Microsoft’s chief sustainability officer, Melanie Nakagawa, told CNBC that the company is focused on reducing emissions and eliminating what appears to be carbon negative by 2030.
“As a first mover in the decarbonization market, we are in a unique position to send demand signals that can lead to increased supply. A decarbonization market with more solutions and more buyers will bring us all closer to achieving our collective goals and driving positive planetary and economic impact,” he said in an emailed statement.
Microsoft did not specifically address whether its carbon credit purchases were related to its AI strategy.
Renewable energy will likely play a key role in meeting the growing demand for AI data centers.
Leveraging data from its platform, Ceezer’s Drewlies stated that they do not rely solely on carbon credits, saying, “Over time, as AI has increased, emissions have increased slightly when looking at large companies, but not that noticeably. This means that hyperscalers have been able to react relatively quickly, including by switching to renewable energy.” he said.

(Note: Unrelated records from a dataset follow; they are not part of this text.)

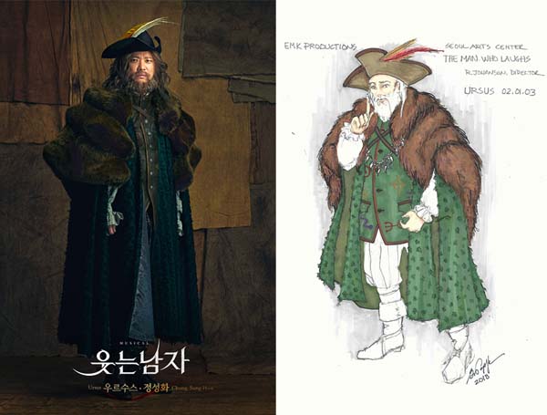 우르수스와 데아의 의상은 스타일적인 면과 컬러, 질감에서 그윈플렌과 통일감을 살려 디자인 함으로써 극중 가족같은 깊은 유대감이 형성되어 있는 이들의 관계를 표현했다. 특히 유랑극단을 이끄는 아버지 같은 존재이자 ‘곰’을 뜻하는 이름을 가진 우르수스는 우람한 풍채가 살아나도록 의상을 디자인했으며 라틴어로 ‘여신’을 뜻하는 데아는 순백의 마음을 가진 천사 같은 인물로 표현하기 위해 린넨 소재의 꽃 패턴이 새겨진 소박한 원피스를 만들어냈다.
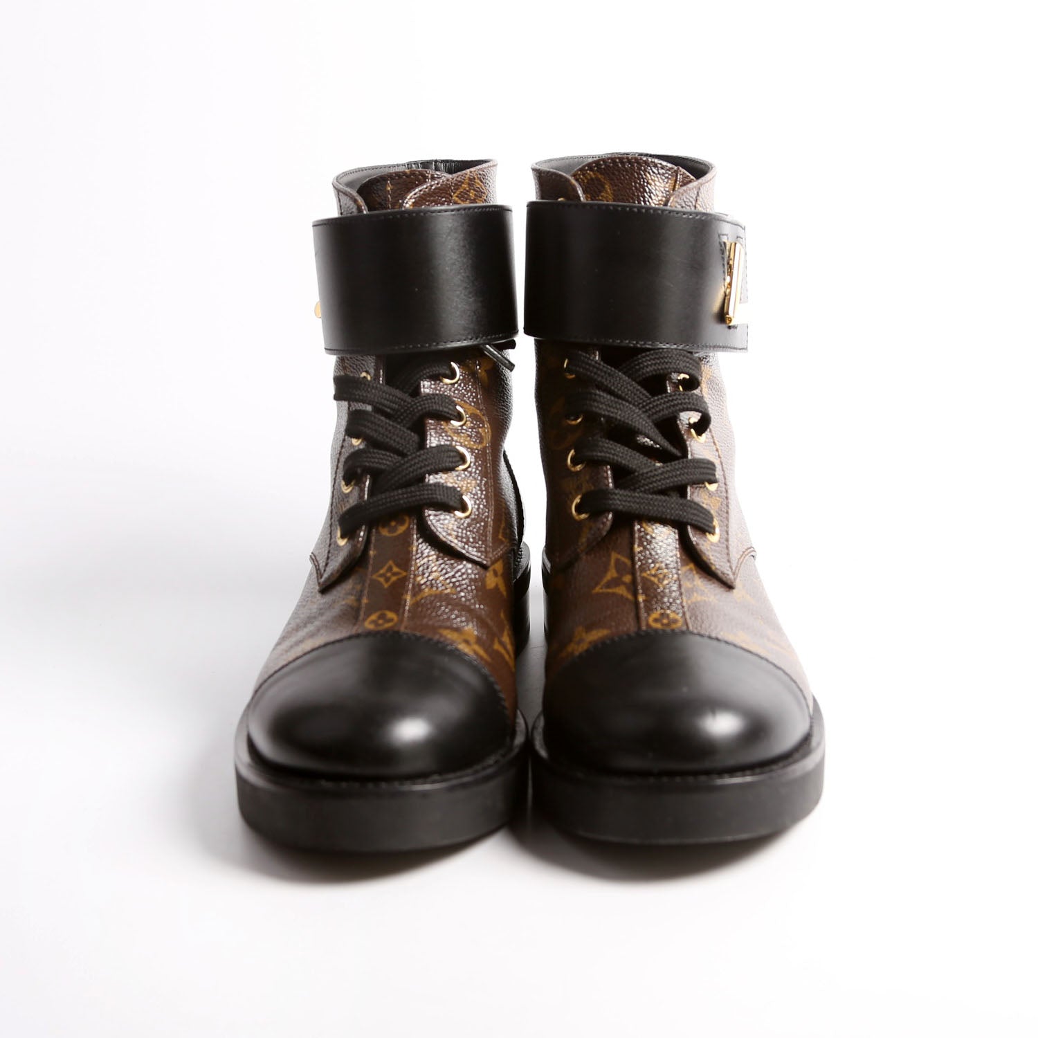 These pre-owned Louis Vuitton Wonderland Flat Ranger Boots are guaranteed 100% authentic.
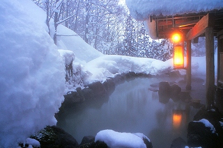 写真のような雪がどっさり積もった雪見風呂が楽しめるのは
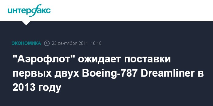 Москва. 23 сентября. INTERFAX.RU - ОАО "Аэрофлот - российские авиалинии" ожидает поставки первых двух Boeing-787 Dreamliner в 2013 года, сообщил журналистам в пятницу генеральный директор авиакомпании Виталий Савельев.
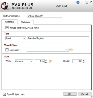 (Available when NOMADS Panel check box is selected for Form Type) When adding new Text, this check box is selected by default to enable the options on the NOMADS folder panel. | ||||
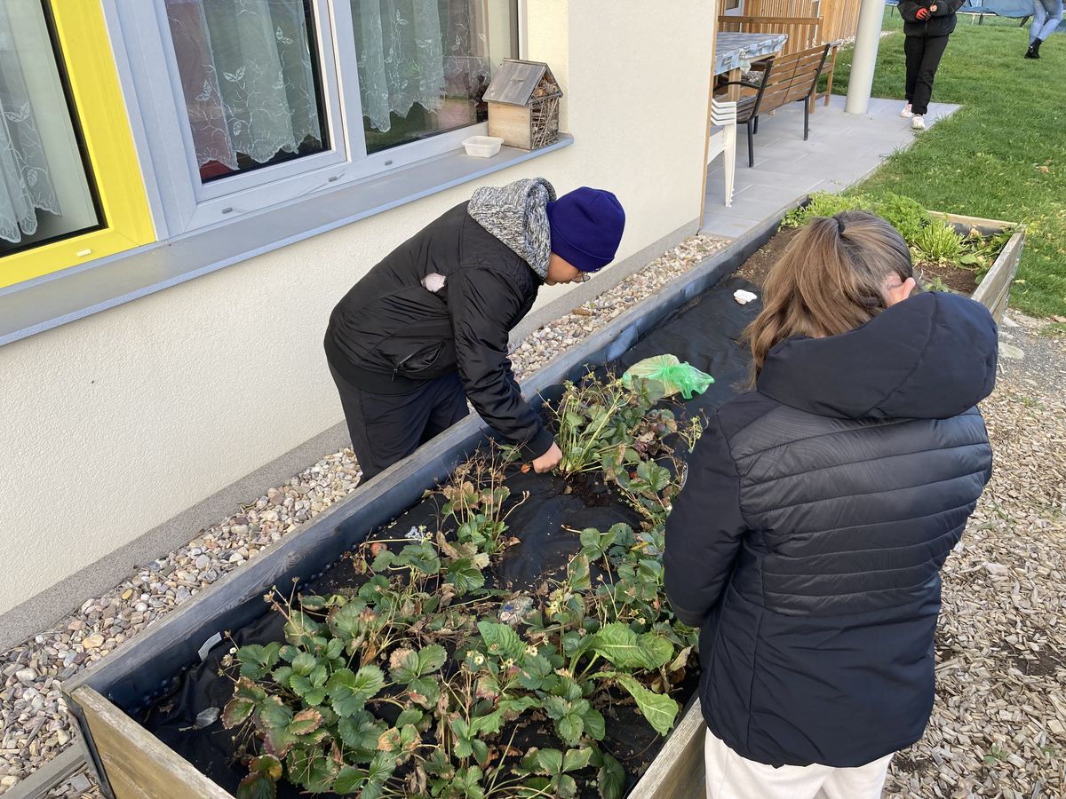 Přibližně ve čtyři hodiny odpoledne je čeká práce na zahradě. Rodinná skupina si tu pěstuje jahody, bylinky i rybíz. „O víkendech pečeme buchty, to děti hodně baví,“ s úsměvem podotýká pedagogická pracovnice Olga.

Opna’s Gautaum said Microsoft’s carbon credit purchases are largely “attributable to the creation of AI data centers.”
Gautaum added that Microsoft’s investment in companies that develop low-carbon materials, such as Sublime Systems and Stegra, makes sense because, when scaled up, they enable the construction of sustainable infrastructure.
He said Big Tech’s “buying spree” of carbon credits to offset emissions was at odds with their “belief and desire to build back better.”
Last year on Amazon launched a platform where its partners can purchase carbon credits. It also invests in reducing the impact of the materials it uses, water and energy efficiency, and renewable energy sources.
He added that it would be “great” if there was no one left in the decarbonization business in 10 years, because it would mean “we’ve committed to building back better.”
Drrewelies said net-zero commitments precede the AI boost, adding that carbon credit purchases will “probably” increase.
“There is a good chance that AI will practically support the need to remove carbon dioxide as a fast and flexible tool to deal with emissions increases,” he added.